Filter PIDs to profile

Closed this issue · 2 comments

Jongy commented

Filtering processes to profile is a feature that was requested in multiple cases.#482 #298 #274 #573. This ticket is for the first step - filter by PIDs (relevant only in cases where processes remain running).

I suggest:

  • --pids parameter that is a number or comma-separated list of numbers, and can also be given multiple times e.g --pids 1,2 --pids 5 --pids 76,76576. All are accumulated.
  • At this point
    processes_to_profile = self._select_processes_to_profile()
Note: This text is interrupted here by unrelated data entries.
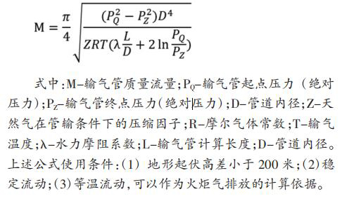 天津 LNG 設置兩座插入式電磁流量計,單臺設計處理量 60t/h, 兩臺火炬并列運行,一用一備。自 LNG 儲罐及 BOG 系統(tǒng)來的超壓 BOG 經(jīng) PV 閥后進入火炬氣排放總管,經(jīng)分液罐沉淀 BOG 中夾雜的液滴后進入火炬燃燒放空。 插入式電磁流量計設置四級排放,具體設置如表 1。 2 火炬氣排放量計算方法根據(jù)水平輸氣管流量計算基本公式:
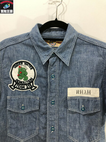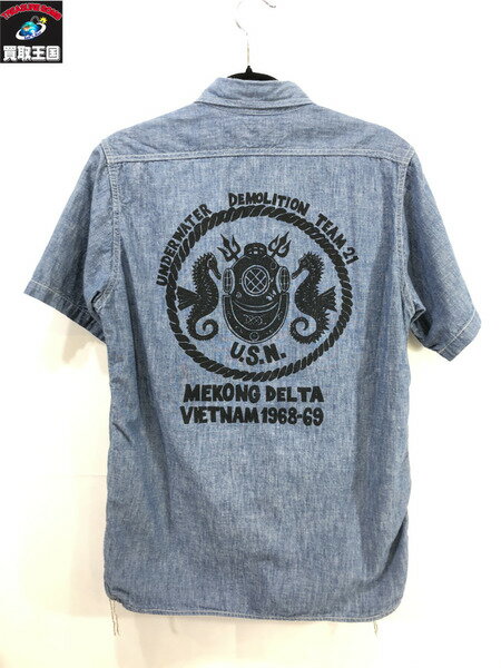 ■商品名:REAL McCOY’S/ワークワッペン付き半袖シャツ/シャンブレー/ リアルマッコイズ■状態:着用感・毛羽立ち・擦れが見られます。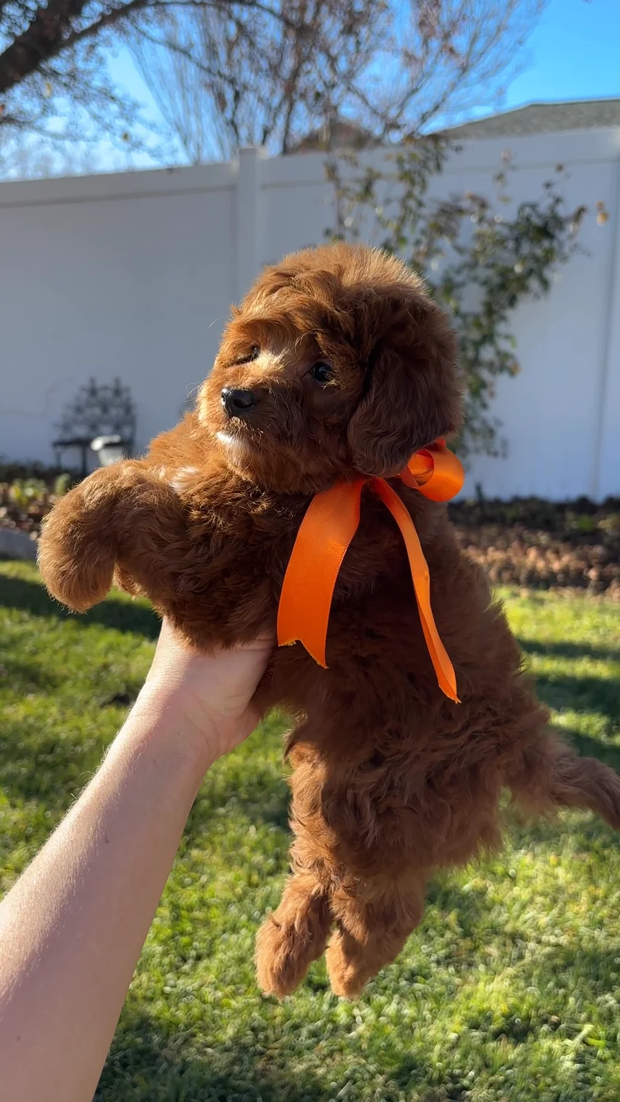 Our Bernedoodle puppies include brown, tri-color, phantom, blue merle, and merle. Cavapoo puppies include merle, black and tan, white, red, blenheim, and apricot. Goldendoodle puppies include cream, apricot, red, and parti. Poodle puppies include apricot, red, parti, and phantom. Colors will vary depending on the parent dogs.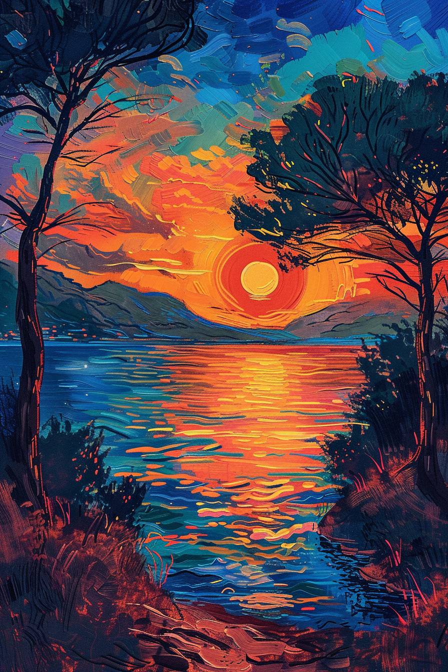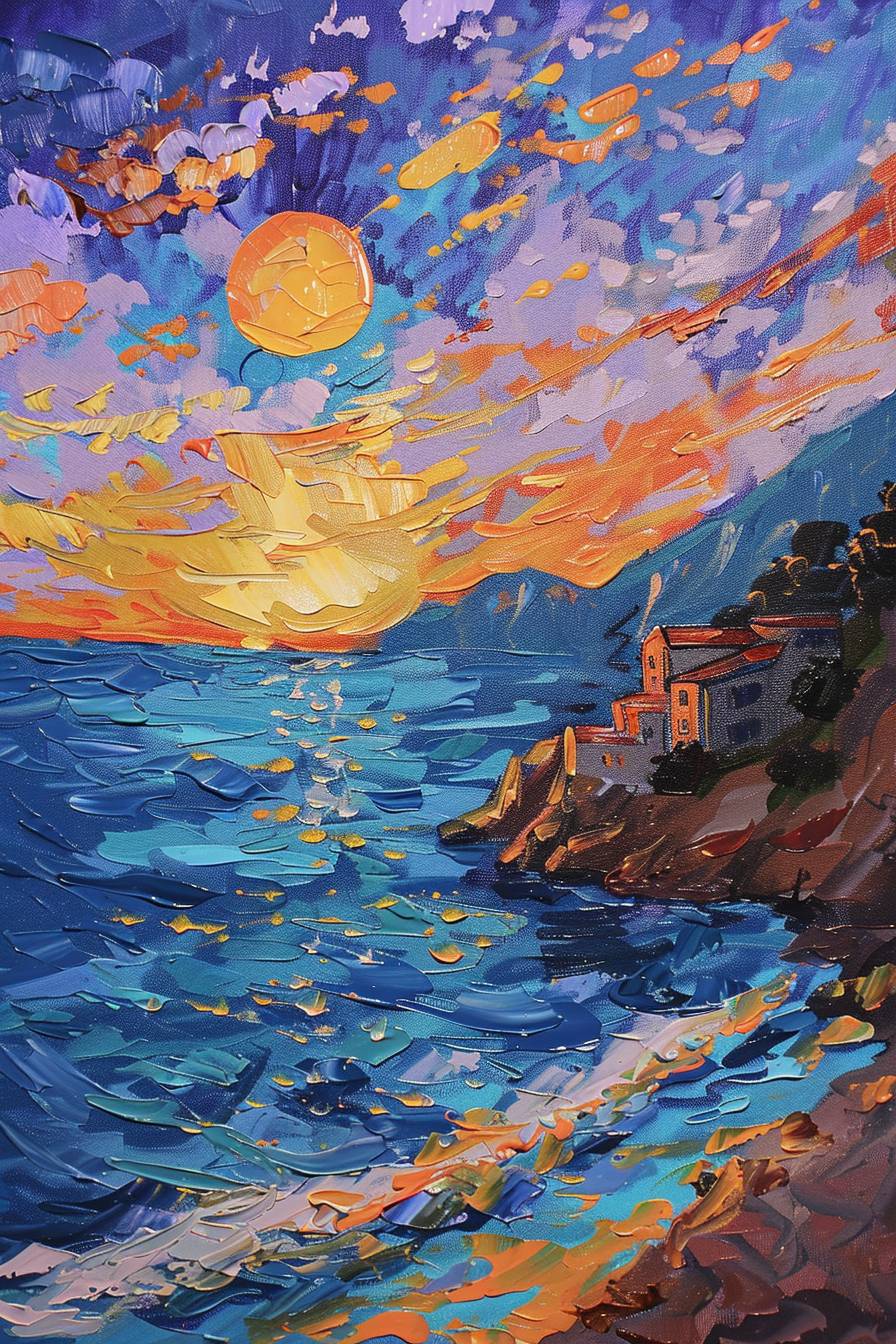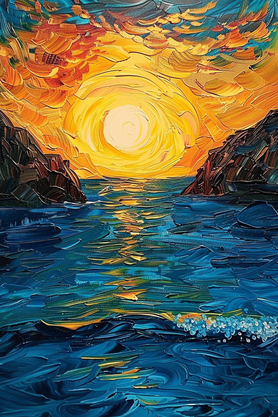 Ein Gemälde eines griechischen Sonnenuntergangs im Stil von Vincent Van Gogh

    PIDs are selected for runtime profilers. We can intersect the "selected PIDs" here with the PIDs passed via --pids. This class is extended by all runtime profilers classes, so the "easy" way to pass more parameters is to add it in all constructors of JavaProfiler etc. I prefer if we find a clean way to do so, so we don't need to modify all runtime profilers, this needs to be decoupled.
  • There are 3 profilers which select their PIDs "automatically" and not via gProfiler decision: perf, PyPerf and phpspy. They need to be modified. At the very least, perf and PyPerf support receiving target PID(s) as arguments. We need to check about phpspy. Their respective classes should receive the pids argument and make use of it if passed.
  • UX wise, I think gProfiler should be fine if it gets --pids a,b,c and only e.g b, c are running and a is not running.
  • By default, gProfiler will continue in its standard behavior of profiling everything. So if no PIDs are given, an empty set of filter PIDs will be considered ALL processes.
  • Please add adequate tests - 2 running Java apps, pass the PID of one of them and ensure that async-profiler was invoked only on one of them.
  • Deny passing --profile-spawned-processes with --pids, because it is meaningless, we target live processes.
Jongy commented

On top of this task we could have --containers= which accepts multiple container names, and will accept all PIDs originating from those containers. It can also accept the container name as a regex pattern. Not required for MVP but nice to have :)

On top of this task we could have --containers= which accepts multiple container names, and will accept all PIDs originating from those containers. It can also accept the container name as a regex pattern. Not required for MVP but nice to have :)

I opened issue for this: #762